Imbauan kepada Masyarakat dan Buruh
Dalam kesempatan tersebut, IPTU Herawati juga menyampaikan imbauan kepada seluruh kelompok buruh dan masyarakat agar dapat menyampaikan aspirasi secara damai, tertib, dan sesuai dengan ketentuan hukum yang berlaku.
Ia menegaskan bahwa kebebasan menyampaikan pendapat merupakan hak setiap warga negara, namun harus tetap dilakukan dengan cara yang bertanggung jawab.
“Kami mengimbau kepada seluruh kelompok buruh dan masyarakat agar dapat menyampaikan aspirasi secara damai, tertib, dan tetap mematuhi aturan hukum yang berlaku,” tegasnya.
Selain itu, masyarakat juga diminta untuk segera melaporkan apabila menemukan atau melihat potensi gangguan kamtibmas.

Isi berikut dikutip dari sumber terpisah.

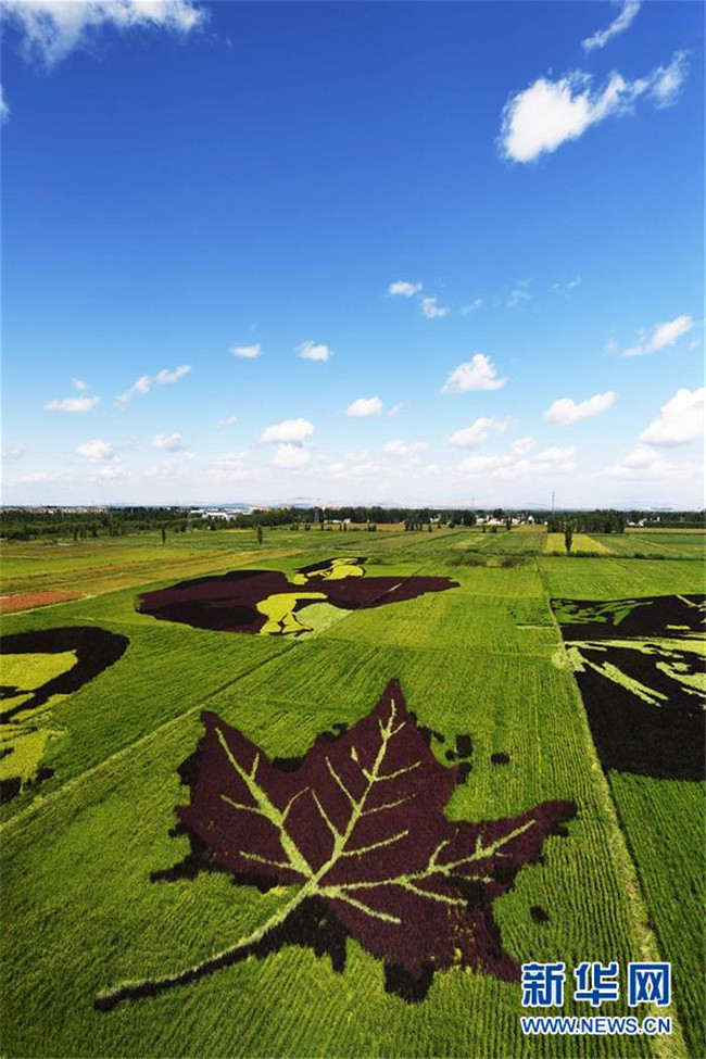 這是8月18日在新疆察布查爾錫伯自治縣納達(dá)齊牛錄鄉(xiāng)稻田畫(huà)基地拍攝的稻田畫(huà)。

“Apabila masyarakat menemukan atau melihat potensi gangguan kamtibmas, segera laporkan ke kantor polisi terdekat atau melalui layanan call center 110,” imbaunya.
Harapan May Day Damai dan Bermartabat
Polres Lampung Utara berharap peringatan May Day tahun 2026 dapat menjadi momentum bagi para pekerja untuk menyampaikan aspirasi secara damai, tertib, dan bermartabat.
Dengan pengamanan yang matang serta dukungan dari seluruh elemen masyarakat, diharapkan kegiatan May Day dapat berlangsung tanpa adanya gangguan yang berarti.
Keberhasilan dalam menjaga keamanan ini tentunya tidak terlepas dari peran aktif seluruh pihak, termasuk masyarakat yang turut menjaga lingkungan masing-masing.
Penutup
Kegiatan dialog interaktif “Polisi Menyapa” yang disiarkan melalui RRI menjadi salah satu bentuk komunikasi publik yang efektif dalam menjaga situasi kamtibmas tetap kondusif.
Melalui dialog ini, masyarakat mendapatkan informasi yang jelas serta imbauan langsung dari pihak kepolisian terkait langkah-langkah pengamanan yang dilakukan.
Dengan sinergi yang kuat antara kepolisian, pemerintah, dan masyarakat, diharapkan situasi keamanan di wilayah Lampung Utara tetap terjaga, khususnya menjelang peringatan Hari Buruh Internasional.
Pada akhirnya, terciptanya situasi yang aman dan kondusif merupakan tanggung jawab bersama yang membutuhkan kerja sama dan kesadaran dari seluruh elemen masyarakat.